Go to the line with "Depuis 2018, le" in the material below and copy from there through the line with "降温穿搭来了! 20度的天气穿这套舒服又帅气 无论是日常通勤、还是约会穿搭都🉑️驾驭!", exactly. Pictures are not copied.

Material provided ->
● ● ● ● ●
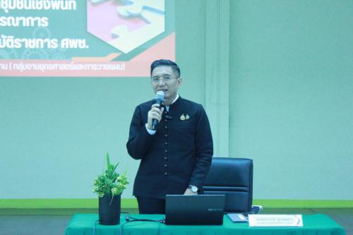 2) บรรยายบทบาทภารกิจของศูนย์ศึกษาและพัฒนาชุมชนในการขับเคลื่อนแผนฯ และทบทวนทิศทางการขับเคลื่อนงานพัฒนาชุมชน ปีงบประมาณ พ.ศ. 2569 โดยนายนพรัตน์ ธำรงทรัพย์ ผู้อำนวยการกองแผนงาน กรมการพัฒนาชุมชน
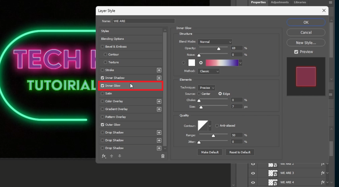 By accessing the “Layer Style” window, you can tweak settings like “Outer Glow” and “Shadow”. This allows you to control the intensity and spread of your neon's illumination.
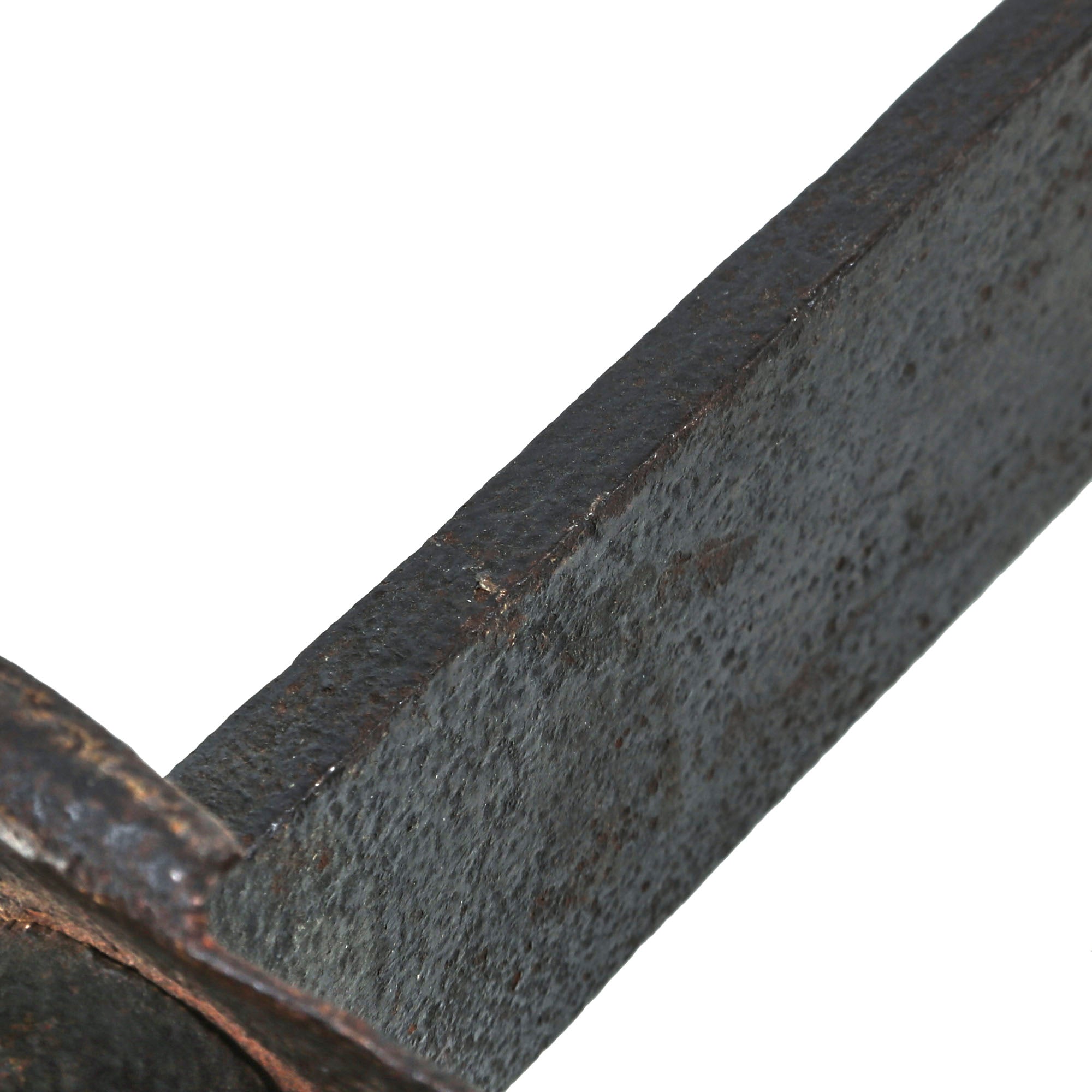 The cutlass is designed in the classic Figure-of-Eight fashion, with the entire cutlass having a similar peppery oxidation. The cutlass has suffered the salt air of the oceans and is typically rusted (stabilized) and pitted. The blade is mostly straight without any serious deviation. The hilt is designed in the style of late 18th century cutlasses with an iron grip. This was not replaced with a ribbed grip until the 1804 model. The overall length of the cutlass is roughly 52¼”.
● ● ● ● ●
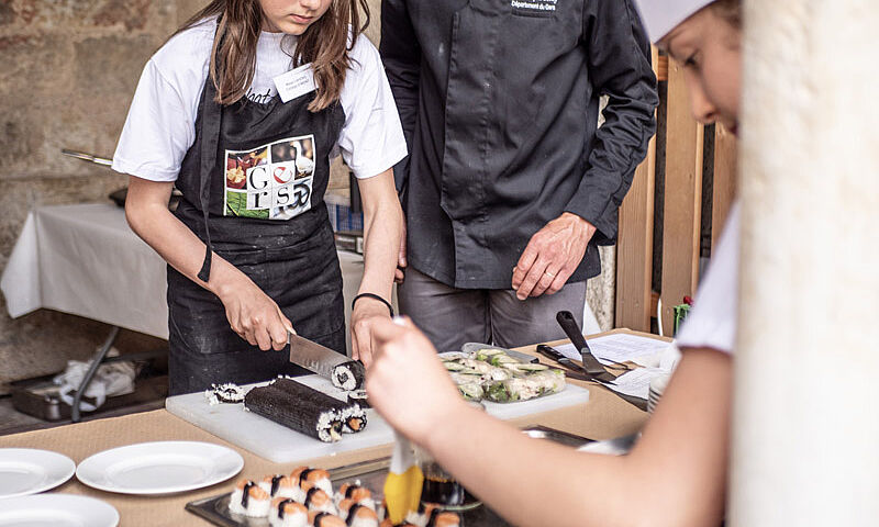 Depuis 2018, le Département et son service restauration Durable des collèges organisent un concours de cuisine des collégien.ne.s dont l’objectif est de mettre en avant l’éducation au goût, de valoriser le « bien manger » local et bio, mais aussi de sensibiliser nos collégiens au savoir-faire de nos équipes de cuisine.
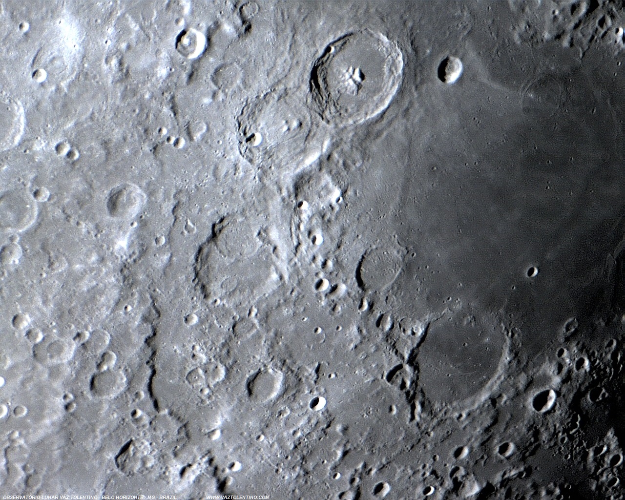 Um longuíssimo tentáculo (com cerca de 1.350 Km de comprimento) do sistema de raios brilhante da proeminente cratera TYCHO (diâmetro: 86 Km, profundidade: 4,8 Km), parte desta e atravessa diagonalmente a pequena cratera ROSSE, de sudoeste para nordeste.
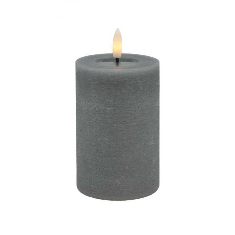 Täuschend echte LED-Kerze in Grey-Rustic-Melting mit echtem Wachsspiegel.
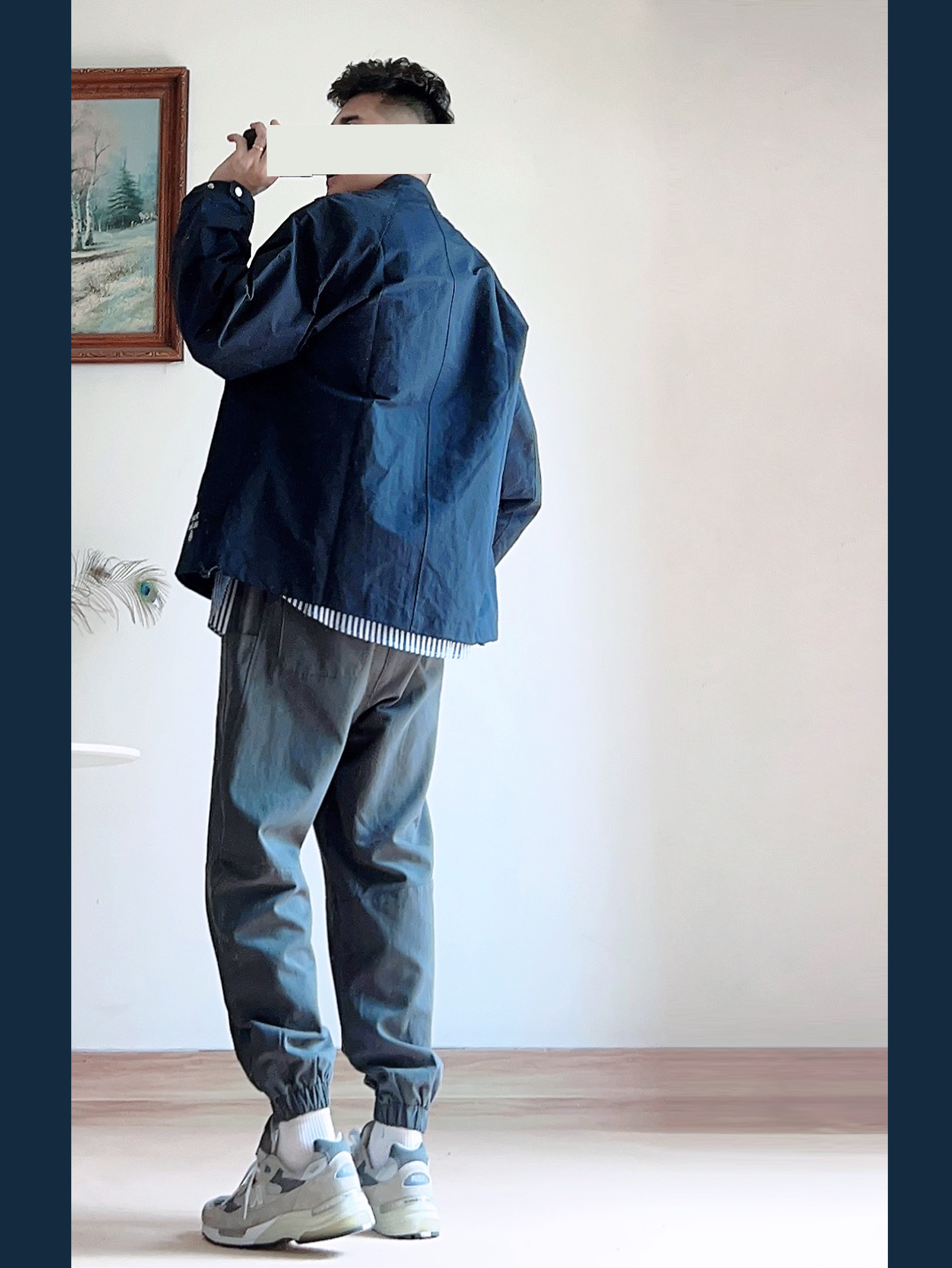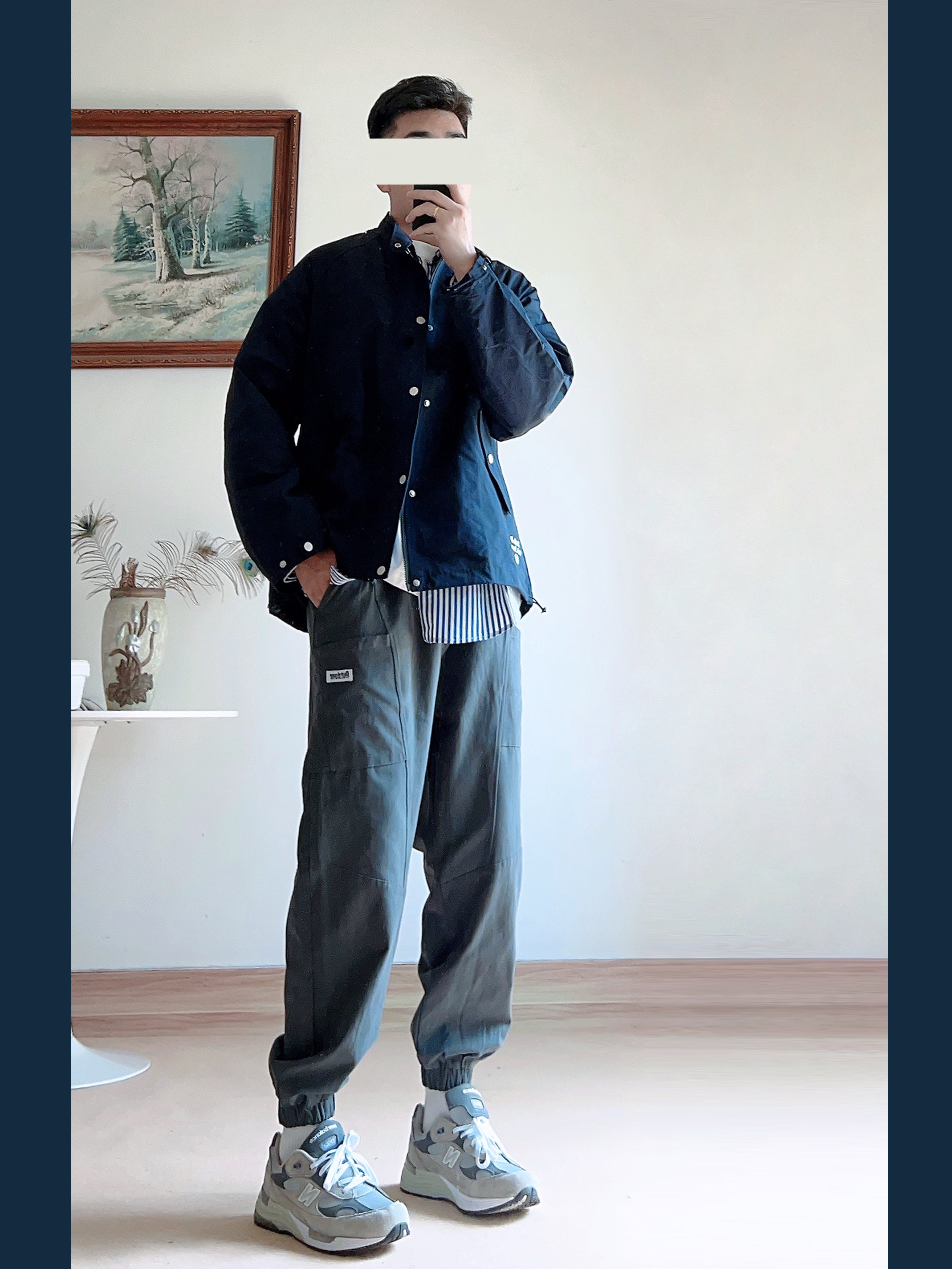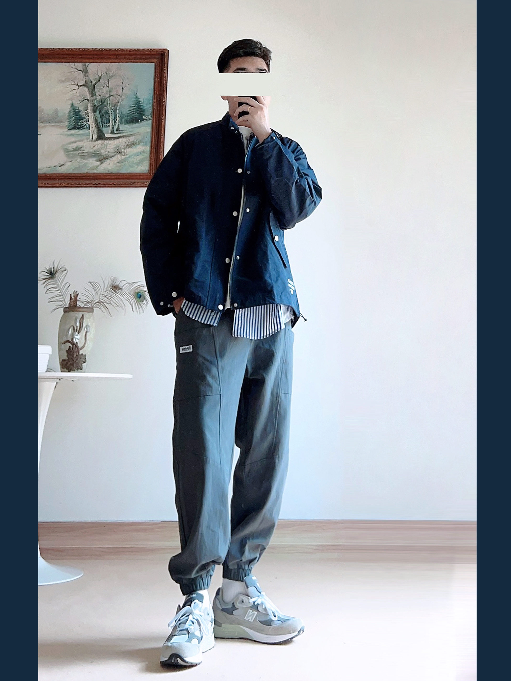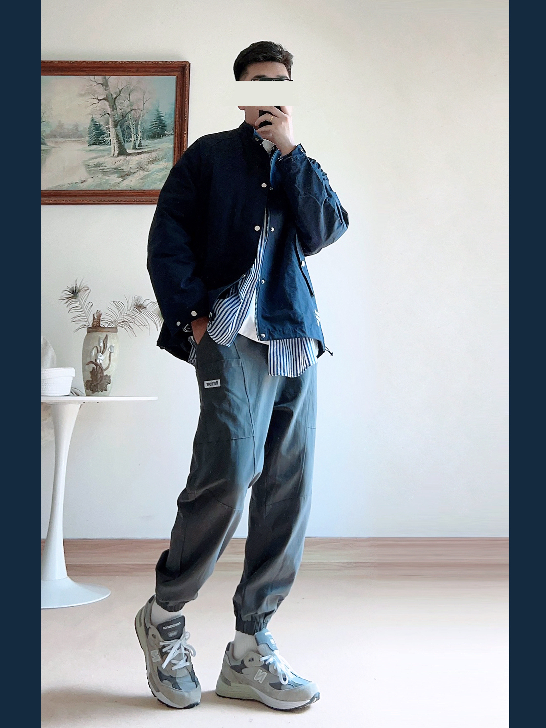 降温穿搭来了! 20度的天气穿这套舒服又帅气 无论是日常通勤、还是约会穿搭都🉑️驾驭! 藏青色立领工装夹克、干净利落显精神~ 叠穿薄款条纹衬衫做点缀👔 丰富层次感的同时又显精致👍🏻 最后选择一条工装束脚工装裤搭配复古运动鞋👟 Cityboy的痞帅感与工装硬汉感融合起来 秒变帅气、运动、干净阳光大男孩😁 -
● ● ● ● ●
Finished task ->
 Depuis 2018, le Département et son service restauration Durable des collèges organisent un concours de cuisine des collégien.ne.s dont l’objectif est de mettre en avant l’éducation au goût, de valoriser le « bien manger » local et bio, mais aussi de sensibiliser nos collégiens au savoir-faire de nos équipes de cuisine.
 Um longuíssimo tentáculo (com cerca de 1.350 Km de comprimento) do sistema de raios brilhante da proeminente cratera TYCHO (diâmetro: 86 Km, profundidade: 4,8 Km), parte desta e atravessa diagonalmente a pequena cratera ROSSE, de sudoeste para nordeste.
 Täuschend echte LED-Kerze in Grey-Rustic-Melting mit echtem Wachsspiegel.
 降温穿搭来了! 20度的天气穿这套舒服又帅气 无论是日常通勤、还是约会穿搭都🉑️驾驭! 藏青色立领工装夹克、干净利落显精神~ 叠穿薄款条纹衬衫做点缀👔 丰富层次感的同时又显精致👍🏻 最后选择一条工装束脚工装裤搭配复古运动鞋👟 Cityboy的痞帅感与工装硬汉感融合起来 秒变帅气、运动、干净阳光大男孩😁 -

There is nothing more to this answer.